Summary
Highlights
COPD stands for Chronic Obstructive Pulmonary Disease, also known as Chronic Obstructive Lung Disease (COLD). It's characterized by chronic airway limitation and inflammation that is irreversible. Historically, COPD included chronic bronchitis, emphysema, and asthma, but asthma was removed because it is treatable.
Patients with COPD struggle to fully exhale due to a loss of elasticity in their alveoli, often caused by inflammation of the bronchi or excessive mucus production. The primary causes of COPD include smoking (including passive smoking), occupational exposure to dusts, chemicals, and pollutants (e.g., asbestos, radon), and genetic predisposition, specifically a deficiency in alpha-1 antitrypsin.
Chronic bronchitis is characterized by chronic inflammation of the bronchial trees, leading to excessive mucus production, hacking cough, and recurrent infections. Patients are often referred to as 'blue bloaters' due to signs like cyanosis (blueness), hypoxia, polycythemia (increased RBCs), a long-term productive cough, unusual breath sounds (crackles, rhonchi, wheezes), and peripheral edema caused by right-sided heart failure (cor pulmonale). A productive cough lasting at least 3 months for two consecutive years is a diagnostic criterion.

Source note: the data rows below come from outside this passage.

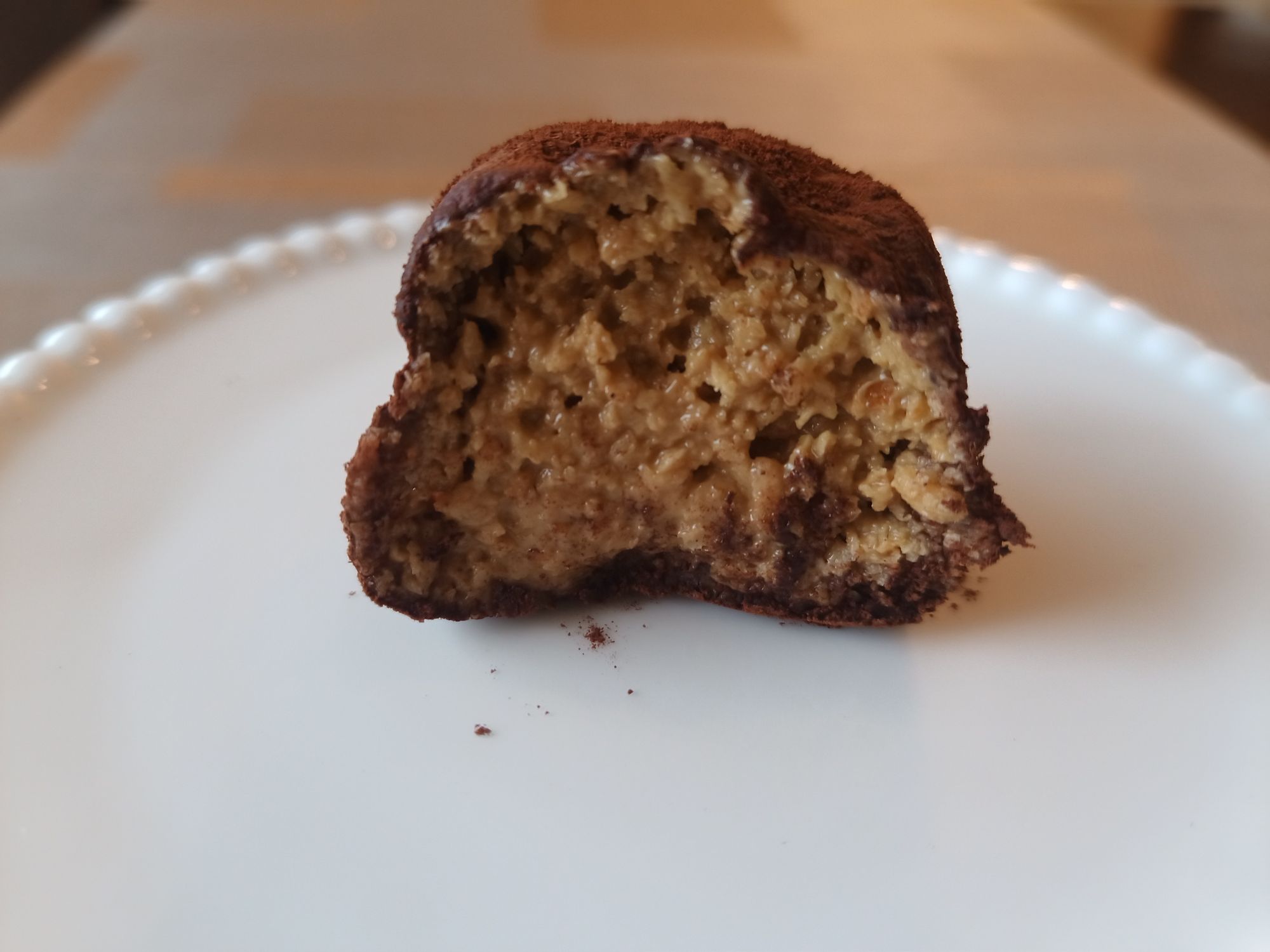 ゴリゴリ食感のピスタチオプラリネを、やや硬めのムチムチ求肥に包んでココアパウダーでまぶしてあります。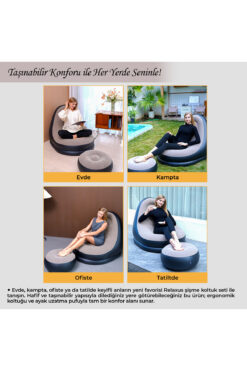 RELAXUS Şişme Koltuk ve Ayak Uzatma Pufu – Ev, Kamp, Ofis Kullanımı İçin, Pompa Hediyeli, Taşınabilir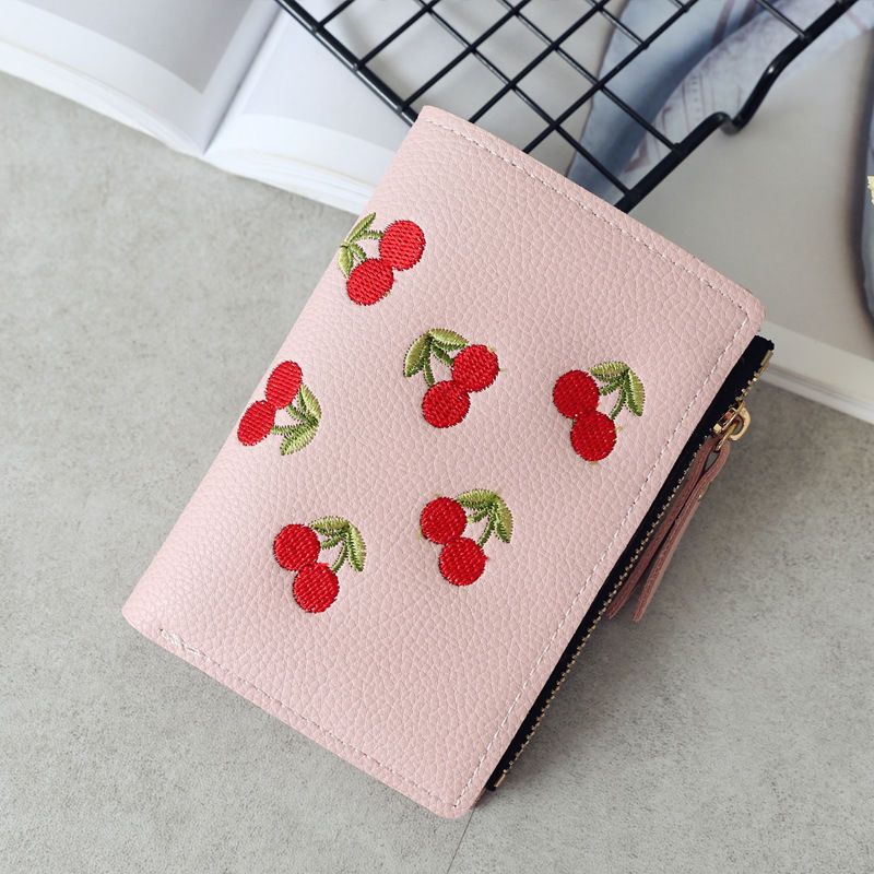 女式竖款搭扣樱桃绣花短款潮流小钱夹 2017新款学生简约时尚钱包undefined

Emphysema results from alveolar destruction and loss of elastic recoil, leading to air trapping in the lungs. Patients are often called 'pink puffers' due to their pinkish skin, pursed-lip breathing, and increased chest size (barrel chest) from hyperinflation. They are typically thin, have decreased exercise tolerance, severe dyspnea, and a quiet chest upon auscultation due to trapped air. Diagnosis also reveals hyperinflation and a flattened diaphragm on X-ray, leading to air hunger and hyperventilation, often using accessory muscles for breathing. Oxygen therapy should be less than 3 L/min for these patients.
Key diagnostic tests for COPD include spirometry, which measures forced expiratory volume in 1 second (FEV1), and Arterial Blood Gas (ABG) analysis to assess for hypoxemia and chronic compensated respiratory acidosis. A patient with COPD who has been smoking for more than 30 years is at increased risk.
ABG interpretation uses the ROME (Respiratory Opposite, Metabolic Equal) mnemonic. This involves evaluating pH, HCO3 (metabolic), and PCO2 (respiratory). Normal pH is 7.35-7.45, HCO3 is 22-26, and PCO2 is 35-45. Respiratory imbalances are opposite to pH (e.g., high PCO2 = acidic pH), while metabolic imbalances are equal to pH (e.g., high HCO3 = alkalotic pH). Compensation is classified as fully compensated (normal pH), partially compensated (no normal values), or uncompensated (one normal value other than pH).
Specific conditions are linked to different acid-base imbalances. Respiratory acidosis (CARPA) includes COPD, atelectasis, respiratory failure, pneumonia, and aspiration. Respiratory alkalosis (HIGH VP) involves hypoxemia, hyperventilation, ventilator use, and pain. Metabolic acidosis ('AS') is often due to diarrhea, DKA, renal failure, and increased uric acid. Metabolic alkalosis (VANDY) results from vomiting, antacid use, nasogastric suction, diuretics, and excessive bicarbonate.
Nursing management for COPD patients includes positioning (high fowlers, semi-fowlers, or tripod position), and avoiding opioids and benzodiazepines during exacerbations due to their respiratory depressant effects. Increased fluid intake (2-3L) and comfort measures are also crucial. Medical management involves corticosteroids (e.g., dexamethasone, hydrocortisone) to reduce inflammation, typically given via inhalers. Bronchodilators are also used to relax airways and treat air trapping. These include short-acting (SABA) and long-acting beta agonists (LABA) like albuterol, formoterol, and salmeterol, as well as short-acting (SAMA) and long-acting muscarinic antagonists (LAMA) such as ipratropium and tiotropium, which decrease muscarinic secretions. Albuterol specifically treats acute symptoms and exacerbations.